The new 2021 O’Toole. Not much to look at (Photo: Unifor).

With election fever running high throughout the land, Unifor’s new third-party political advertisement started showing up on social media yesterday and it was too good not to share in the final hours of this August long weekend.

It’s an attack ad that mimics the cliches of automotive advertising, and Erin O’Toole, the latest hapless leader of the Conservative Party of Canada, is the target.

Guilt by association plays a powerful role in the 30-second ad’s plotline. It plays on Mr. O’Toole’s association with former Conservative prime minister Stephen Harper, who remains unpopular among large numbers of Canadians, as well as Alberta Premier Jason Kenney, who is working hard these days to achieve new levels of mass unpopularity.

Whether “the 2021 O’Toole,” the metaphorical battered pickup truck that Canada’s largest private-sector union warns is ready to steer Canada in the wrong direction as it literally falls apart before our eyes is intended as a sort of negative tribute to Mr. Kenney’s big blue Dodge Ram is a question that will have to remain unanswered for the moment. 

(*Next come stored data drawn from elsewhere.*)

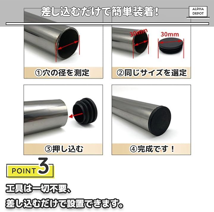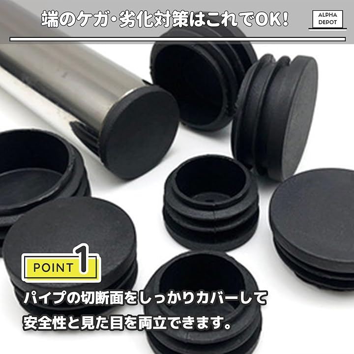 「パイプ先端をしっかりガード。」パイプの端に差し込むだけで露出部分をスマートに保護できて見た目もすっきり。
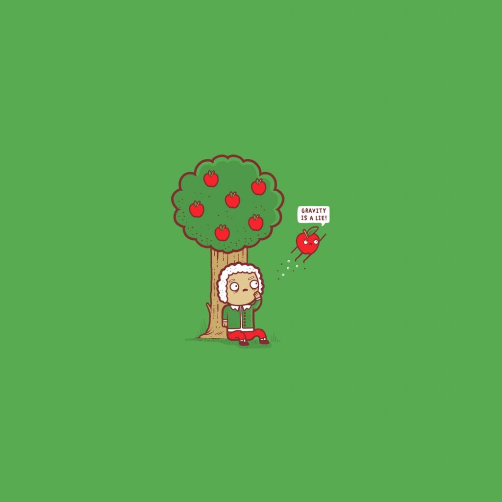Wallpaper Newton under an apple tree, green background
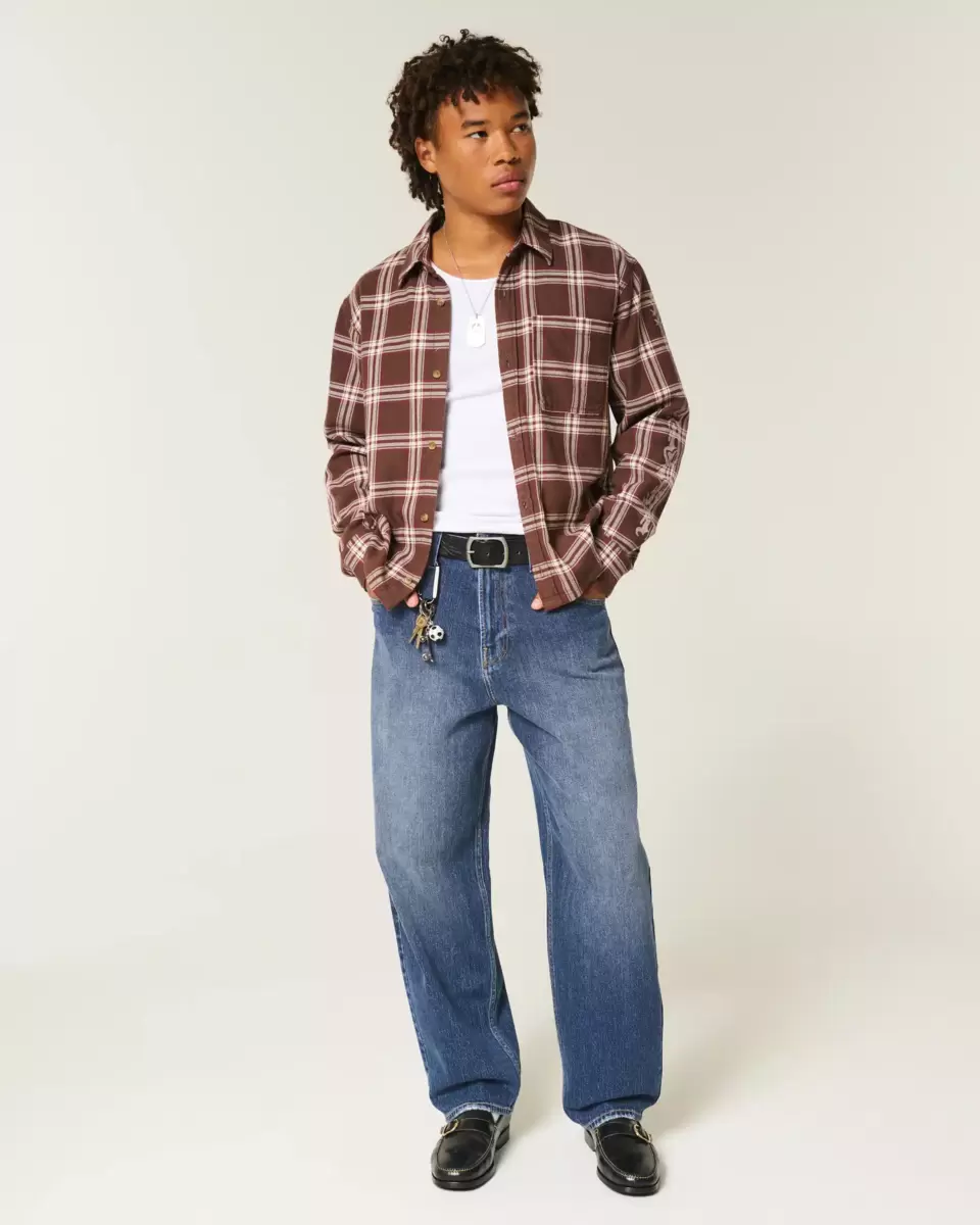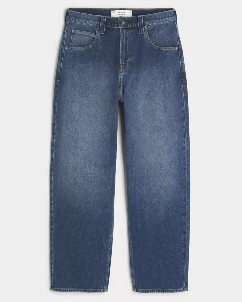 Comfortable denim skater jeans designed with a baggy leg. Dark wash with fading, classic 5-pocket styling. Imported.

Conservative Party of Canada Leader Erin O’Toole, as politicians are expected to appear in Alberta (Photo: Erin O’Toole/Flickr).

The image of a well-shod foot on the gas pedal suggests it might have been, Premier Kenney being a fake pickup kind of guy if ever there was one. 

My guess is that the poseur premier’s big Dodge helped inspire the concept, but getting that message across wasn’t a big concern to the script-writers Unifor used. After all, the ad is clearly directed at voters in Central Canada and elsewhere who live far from the reflexively Conservative Prairies, and who likely wouldn’t get the reference. 

What they do get, though, that Mr. Kenney and the United Conservative Party are doing bad things to Alberta, which is why the ad’s scratchy voiced narrator reminds viewers that the new O’Toole is “driven to gut health care and education, just like Jason Kenney.”

Doug Ford must be thanking his lucky stars, and not for the first time, that his former bromantic partner from Alberta is even more unpopular than the Ontario premier is, which is quite the achievement. Or, since it’s just a sound-track, maybe there’s a Doug Ford version to play in Ontario. 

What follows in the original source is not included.